BOSTON, July 20 /PRNewswire-FirstCall/ -- Wainwright Bank
& Trust Company (Nasdaq: WAIN) reported consolidated net income
of $2,199,000 for the quarter ended
June 30, 2010 and basic earnings per
share of $.29 ($.27 per diluted share). This compares to
consolidated net income of $1,395,000
and basic and diluted earnings per share of $.14 for the quarter ended June 30, 2009. Consolidated net income of
$4,308,000 for the six months ended
June 30, 2010 represents an increase
of $1,353,000 from $2,955,000 for the same six-month period in 2009.
Basic earnings per share were $.57 for the six months ended June 30, 2010 ($.52
per diluted share) compared to $.31
for the six months ended June 30,
2009 ($.29 per diluted share).
The average balance of core deposit products increased
$63 million, or 15%, to $490 million in the six months ending
June 30, 2010 compared to
June 30, 2009. NOW, demand
deposit, savings, and money market products increased $26 million, $20
million, $12 million, and
$5 million, respectively. This
increase in core deposits was partially offset by a decline of
$23 million in higher cost
certificates of deposit. In addition, the Bank has benefited
from the maturities of higher cost, long term Federal Home Loan
Bank advances resulting in a net repayment of $29 million.
The Bank's average interest-earning assets decreased
$8 million, or 1%, to $995 million from $1.0
billion for the six months ending June 30, 2010 and 2009, respectively. The
Bank's average outstanding loan balances declined $12 million, or 1%, to $811 million in the first half of 2010 when
compared to the same period in 2009. As a result of the soft
economy, the Bank has continued to reduce its exposure in the
commercial construction segment of the loan portfolio, which has
decreased $27 million.
Contributing to the decline was the commercial loan portfolio
which decreased $10 million.
Residential real estate loans increased $24 million, or 6%, during the period which
partially offset the decline in the commercial and commercial
construction portfolios.
Net interest income was $17.1
million for the six months ended June
30, 2010 compared to $15.3
million for the same period of 2009, an increase of
$1,818,000, or 12%. The Bank's
net interest margin climbed to 3.47% in the six months ending
June 30, 2010 compared to 3.08% in
the same six-month period in 2009. The primary reason for the
increase in net interest income is the decline in the cost of
interest-bearing liabilities, which decreased 56 basis points to
1.80% for the six months ending June 30,
2010 compared to 2009, resulting in a decline in interest
expense of $2.4 million.
Partially offsetting the benefit from reduced funding costs
was the decline in interest and dividend income.
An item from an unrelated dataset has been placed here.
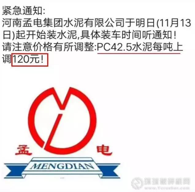 11月12日河南孟電集團水泥有限公司發布緊急通知稱:自11月13日起,PC42.5水泥每噸上調120元/噸,孟電水泥一鳴驚人,再次創下了近年水泥行業單次水泥價格上調幅最高的記錄。

The
$12 million decrease in the average
balance of the loan portfolio described above contributed to the
decrease in interest income. Similarly, the current low rate
environment contributed to reduced interest and dividend income
earned on its securities portfolio.
Jan A. Miller, President and CEO,
stated, "We are very pleased with our financial performance in the
first half of 2010. Our interest margin has continued to
improve as we have replaced maturing certificates of deposit and
Federal Home Loan Bank advances with lower cost core deposits.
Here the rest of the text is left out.